Моя чужая дочь - Хайес Саманта. Страница 18
— Помогите! Кто-нибудь! Мама…
Снова заснула, на карачках, обхватив шар живота руками и упираясь лбом в голые половицы. Мне снится он, и я просыпаюсь в поту и задыхаясь от ужаса: неужели он здесь? Оглядываюсь. Его нет.
Будет этому конец? Я вою по-собачьи, высунув язык, я тужусь, выворачиваясь наизнанку, и визжу, визжу, утопая в океане боли, потому что дышать нечем, а я одна, совсем одна, и никто не приходит помочь мне. Я снова бьюсь лбом об пол и снова тужусь.
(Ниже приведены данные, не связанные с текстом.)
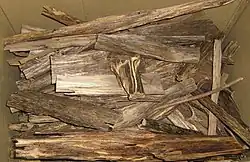 The odour of agarwood is complex and pleasing,[8] with few or no similar natural analogues. In the perfume state, the scent is mainly distinguished by a combination of "oriental-woody" and "very soft fruity-floral" notes. The incense smoke is also characterised by a "sweet-balsamic" note and "shades of vanilla and musk" and amber.[7] As a result, agarwood and its essential oil gained great cultural and religious significance in ancient civilizations around the world. Over 3,000 years ago, the ancient Egyptians used agarwood incense in their funeral rites.[9] It was described as a fragrant product as early as 1400 BCE in the Vedas of India.[10]

У меня все получится.
Опять «Змейки с лестницами» лезут на глаза — в упаковке, так и не открытая коробка, новехонькая. Сунув руку под кровать, нащупываю в пыли коробку и подтаскиваю к себе. Игра для двоих и более участников. Снимаю крышку, достаю доску. Лестницы желтые, змейки — зеленые и красные. Есть еще запечатанный пакетик с фишками и два кубика. Разрываю пакет, бросаю кубик и двигаю фишку на пять клеток, но тут боль возвращается, и я снова зверею, рычу как раненый медведь, и выгибаюсь, и тужусь, зная, что раскаленные стержни, прожигающие мое тело насквозь, меня убьют. Наверняка.
Попала на лестницу, которая ведет в клетку 34. Урра! Бросаю кубик — шесть очков. Затем три очка, и опять лестница, а змейка, на которую я попала бы, если бы выбросила два очка, здорово напоминает его. Кожистая, скользкая морда с черными глазами-бусинами под слишком большими веками. Веки у него смахивают на шторы в нашей гостиной. Нелепые, потому что слишком тяжелые.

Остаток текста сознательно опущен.